Believe it or not, discovering how to jump higher is possible through training. Even if you are a natural, and can jump up and grab the rim of a basketball hoop, with a little training you can achieve greater vertical heights than you thought possible. Many professional basketball players and those aspiring to become pros, or just get their “game on”, have learned through specialized training programs to improve their vertical leaps and takeoff like a rocket.

Man who knows how to jump higher

What the mind does the body follows. It is a nice thought, but it doesn’t always work that way. One thing is for sure though, training the mind and body, dovetailing the two toward a single goal, always seems to achieve the best results.

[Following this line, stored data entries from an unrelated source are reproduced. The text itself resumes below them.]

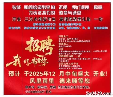 德來(lái)順熟食鋪?zhàn)?br />招聘廚房,烀熟食工,大工,小工;
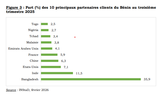 Le Bangladesh est le principal partenaire client du Bénin, avec 35,9% de la valeur globale des ventes à l’extérieur au cours du trimestre sous revue.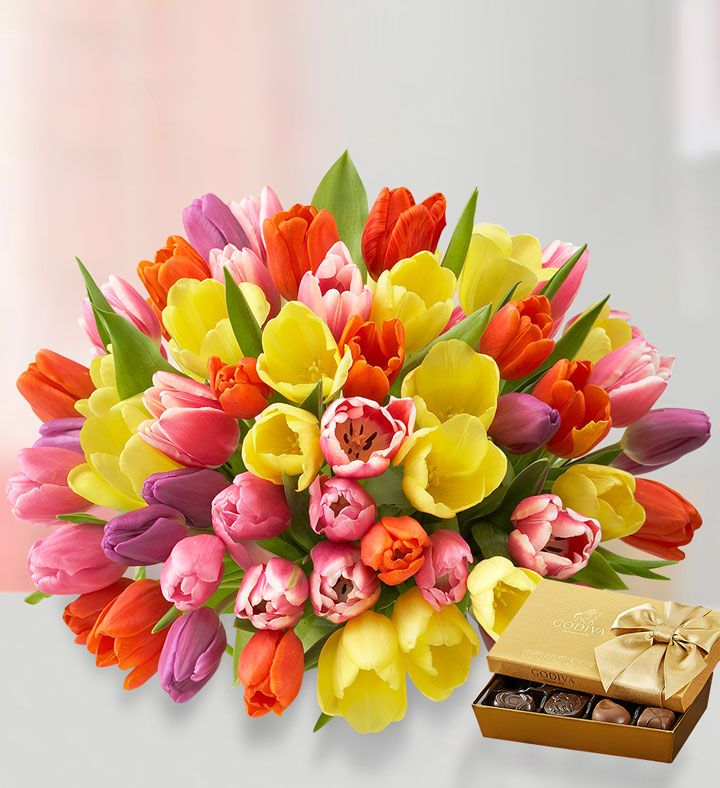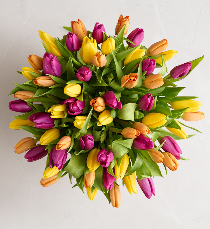 Make someone happy in a big way with our spectacular tulip bouquet. A rainbow of blooms, 60 in all, brings the excitement of spring to those you care about for big celebrations, out-of-the-blue surprises and every moment in-between.

With that in mind (no pun intended), it can take as little as 45 minutes to leap higher — and that’s without a cape or booster engines. Like all things, the first thing to learn the exercise techniques. Not just any exercise, but specific exercises that have proven to increase vertical liftoff. According to medical studies, core strengthening exercises give the boost you need. The exercises include standing cable rotation, standing wood chop, seated medicine ball trunk rotation, and bent-knee crunches.

Now a program is developing and you might even begin to feel positive about the prospect of leaping higher, but the program of exercising includes plyometrics, too. Think tendons and calf muscles when you hear that term. With the above exercise regimen, include box jumps, rim jumps, step-ups, squat lunges, bounding, skipping and lateral cone hops. Set time limits for these workouts and rest between each.

Now about jumping higher in only 45 minutes. That entails warming-up. Increasing blood flow excites the muscles to perform better. Once they start moving, like all soft tissues, they heat up and become more pliable. The result is that they become pliable, increasing their energy output. Muscles are the bodies power plant and to increase energy production they have to go through a process of being powered up. Once the body’s energy plant is running full steam, you will quickly discover you can already jump higher.

You might think at this point that stretching is a must before jumping. This is where a big debate begins among professional trainers. Some say don’t stretch during workouts, while other declare that static stretches are a must. For static stretches to work effectively, they require at least 10 to 20 minutes of doing an activity like jogging in-place to get the blood flowing. Then, as top experts recommend, do some psoas, anteriortibialis, abdominal stretches, lats stretches and trap contractions, incorporating them in a program that includes some the above exercises.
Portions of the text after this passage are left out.